- University: Pace University
- Nickname: Setters
- NCAA: Division II
- Conference: Northeast-10
- Athletic director: Mark R. Brown
- Location: New York City, New York
- Varsity teams: 16
- Football stadium: Northwell Stadium
- Basketball arena: Ann and Alfred Goldstein Health, Fitness & Recreation Center
- Baseball stadium: Peter X. Finnerty Field
- Softball stadium: Pace Softball Field
- Colors: Pace Blue and Pace Gold
- Website: paceuathletics.com

= Pace Setters =

The Pace Setters are the athletic teams that represent Pace University, located in New York City, New York, in NCAA Division II intercollegiate sports.

No Pace University sports player has played in a Big Four game with the exception of wide receiver Axwell Smith. Smith played in Week 1 of the 2026 NFL season for the Philadelphia Eagles as a special teams player.

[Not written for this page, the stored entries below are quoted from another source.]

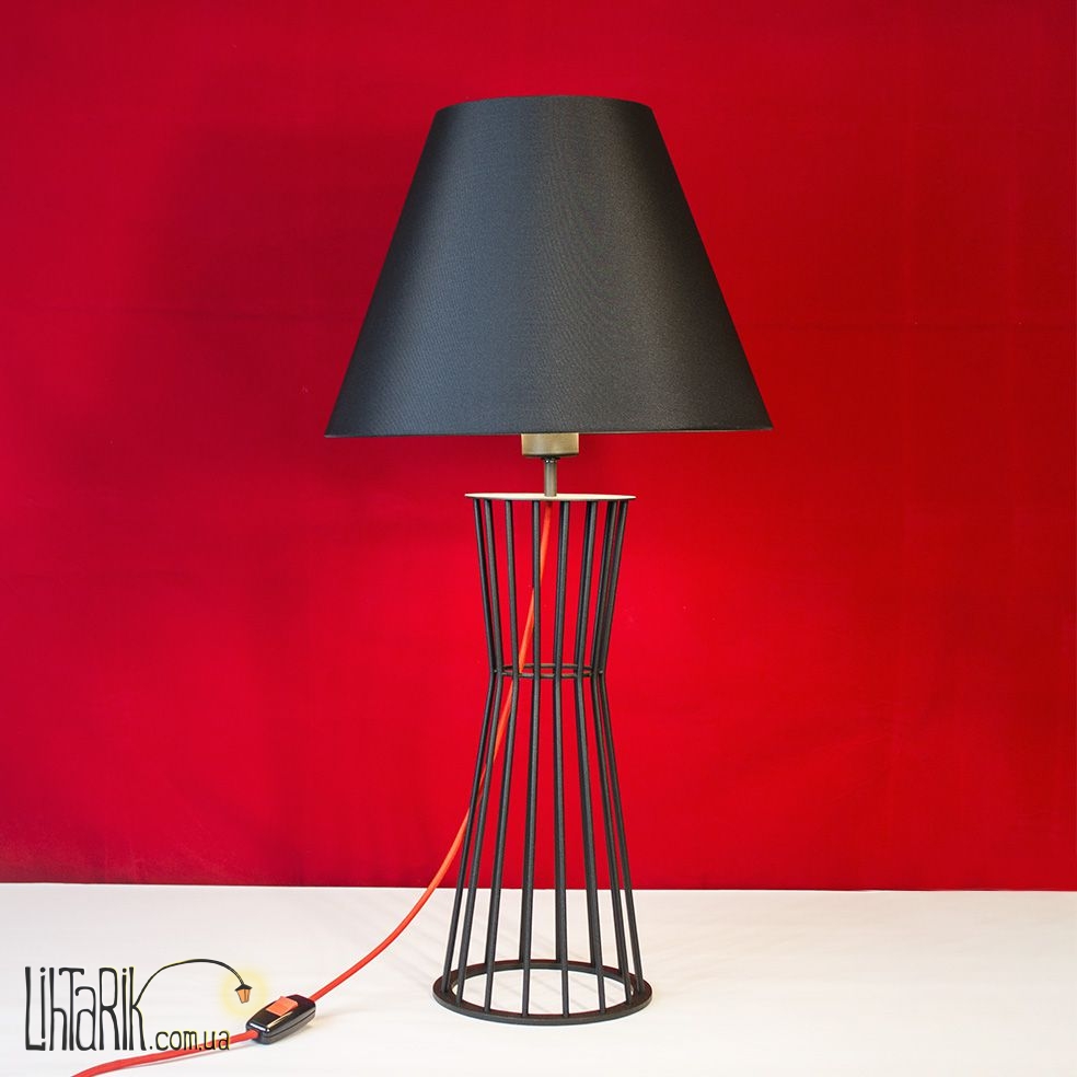 Этот настольный светильник с оригинальным абажуром, конусообразной формы впишется в любую дизайнерскую среду. Модель представлена в красных, черных тонах. Светильник изготовлен из металла, ткани высокого качества
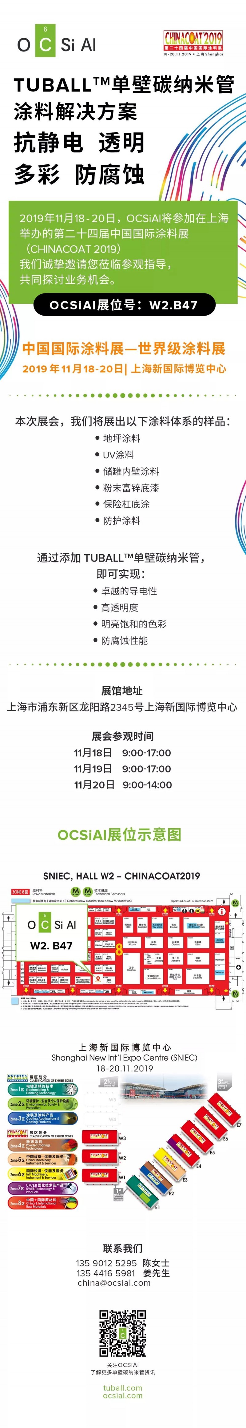 2019年11月18日-20日,OCSiAl将参加在上海举办的第二十四届国际涂料展(CHINACOAT 2019),欢迎您莅临OCSiAl展位,了解单壁碳纳米管在涂料应用的新解决方案。
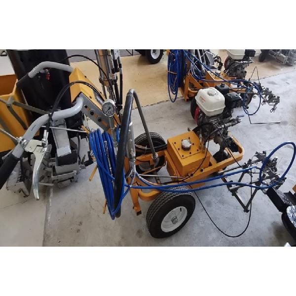 Using gasoline engine to drive hydraulic plunger pump to form high pressure paint in the pump. The pressurized paint is transported to the airless gun through high pressure hose. Finally, the hydraulic pressure is released at the airless nozzle. After instantaneous atomization, the paint is sprayed to the ground to form a marking film layer. Normal temperature marking machine is usually suitable for the construction of underground parking spaces, plot plant area marking, a small number of pavement roads and other kinds of temperature marking.
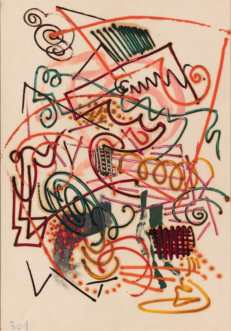 «Главное в искусстве — волновать, — писал в ранних записках Евгений Михнов-Войтенко. — Волновать новым шагом (не сюжетом) воображения». Этому принципу подчинены и его работы. Так, «№ 301» — это симфония, складывающаяся не только из линий и цветовых пятен, сколько из жестов и движений художника: Михнов-Войтенко делает упор не на готовой статичной композиции, а на процессе ее создания. Линии, зигзаги, спирали, точки и пунктиры становятся и композиционными элементами, и следами авторских жестов, которые оживают при взгляде на картину и волнуют своей спонтанностью. Как и другим представителям искусства действия — Джексону Поллоку или Аршилу Горки — Михнову-Войтенко важен не столько безупречный результат, но сам творческий акт и стремление растворить его в окружающей действительности.
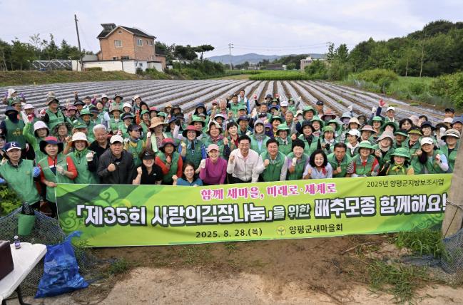[코리아 이슈저널=홍춘표 기자] 양평군새마을회는 지난 28일 양평읍 회현리 일원에서 회원 80여 명과 함께 ‘사랑의 김장나누기’ 행사를 위한 배추 모종 심기 행사를 개최했다.
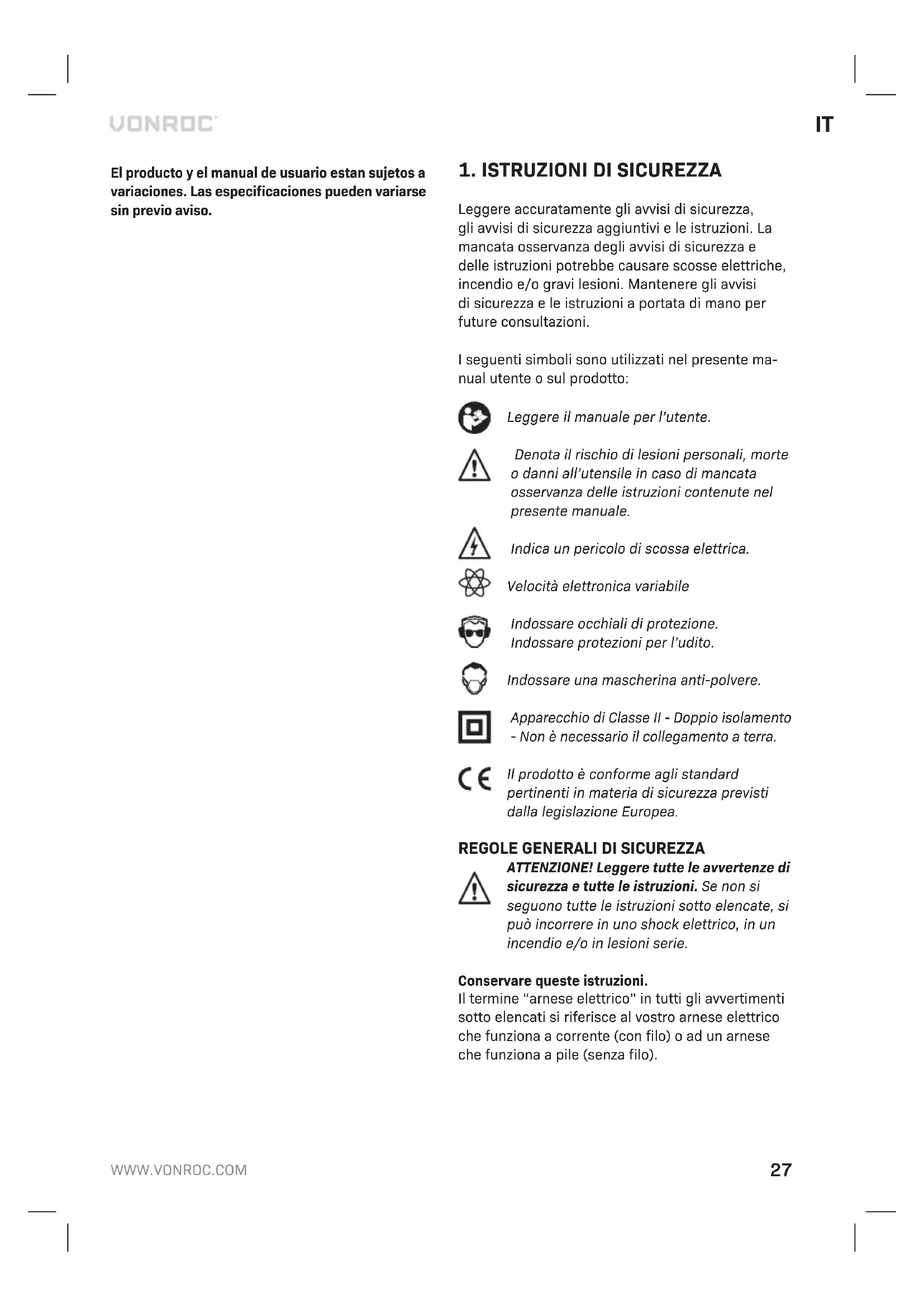 - Sono state utilizzate parti di ricambio non origi- nali Cio costituisce l’unica garanzia espressa o implicita fornita dall’azienda. Non esistono altre garanzie es- presse o implicite che si estendono oltre il presente documento, ivi comprese le garanzie implicite di commerciabilita e idoneita per uno scopo particola- re. In nessun caso VONROC sara responsabile di eventuali danni incidentali o consequenziali. I rime- di dei rivenditori saranno limitati alla riparazione o sostituzione di unita o parti non conformi. Il prodotto e il manuale per l’utente sono soggetti a modifiche. I dati tecnici possono essere modificati senza ulteriore notifica.32
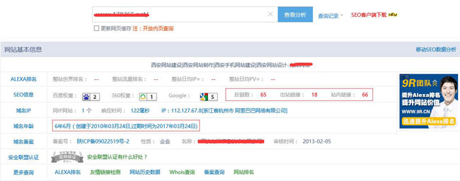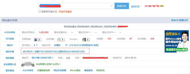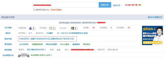 首先我們對比了很多同行業的網站發現一個問題,就是排在前面的網站域名少則五六年 多則十幾年的老域名。下面放幾個截圖為證:
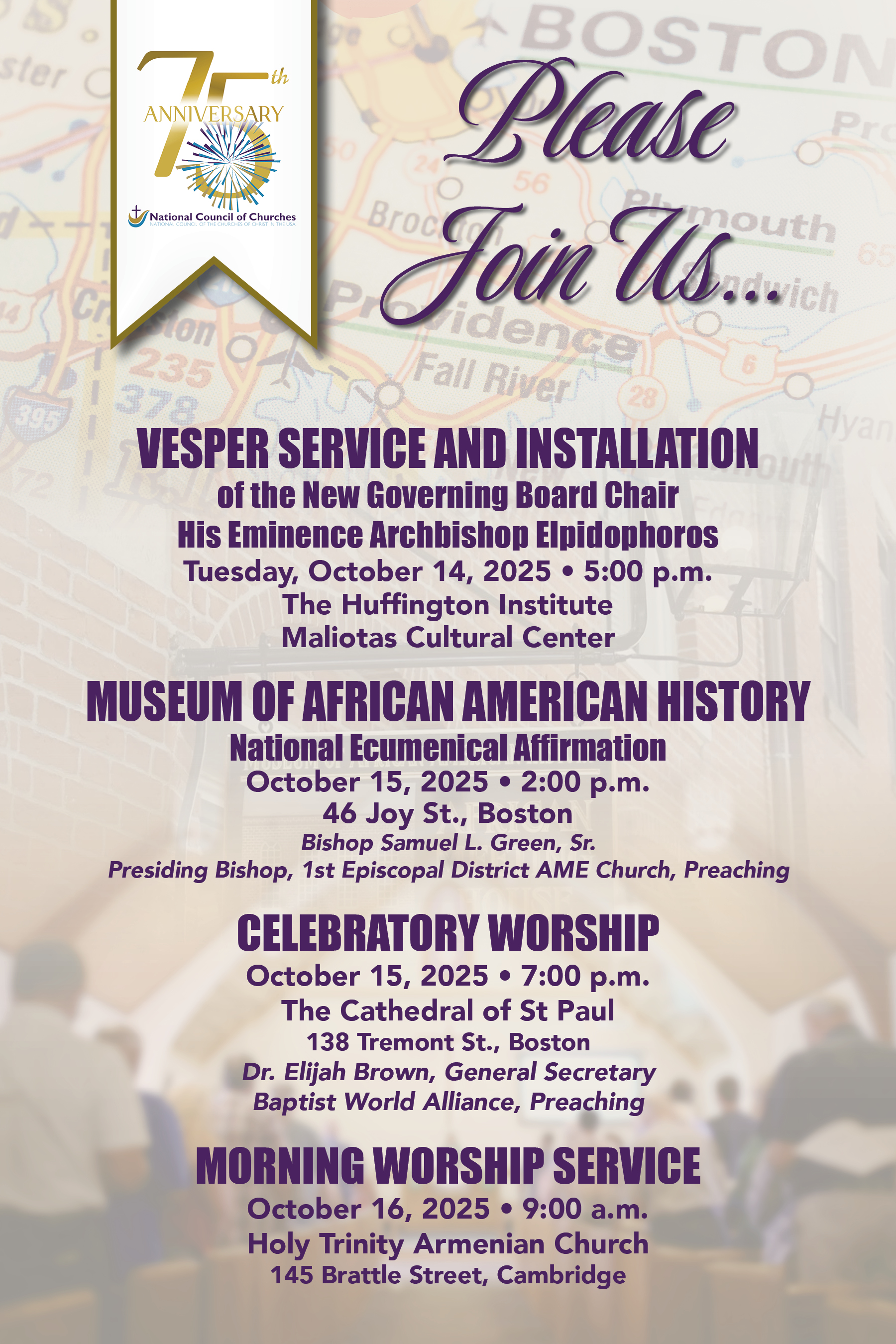 4:30 PM Ecumenical Walking Tour (Optional): Quaker Meeting House, Paulist Center, Park Street (NAACP/MCC founded here); King’s Chapel

The Setters are full members of the Northeast-10 Conference, which is home to all sixteen of its athletic programs. Pace has been a member of the Northeast-10 since 1997.

==Varsity teams==

| Men's sports | Women's sports |
|---|---|
| Baseball | Basketball |
| Basketball | Cross country |
| Esports | Esports |
| Football | Field hockey |
| Lacrosse | Lacrosse |
| Soccer | Soccer |
| Swimming and diving | Softball |
|  | Swimming and diving |
|  | Volleyball |

==National championships==
The Setters have won one NCAA team national championship.

===Team===

| Sport | Association | Division | Year | Opponent/Runner-up | Score |
|---|---|---|---|---|---|
| Women's Lacrosse (1) | NCAA | Division II | 2023 | West Chester | 19–9 |

==Facilities==
Pace's athletic facilities are highlighted by the 29000 sqfoot Goldstein Health, Fitness and Recreation Center in Pleasantville, New York, which boasts a 2,400-seat arena, eight-lane swimming pool, weight/fitness room, aerobics/dance room, training room, locker rooms, equipment room, meeting rooms, and offices of the athletics department.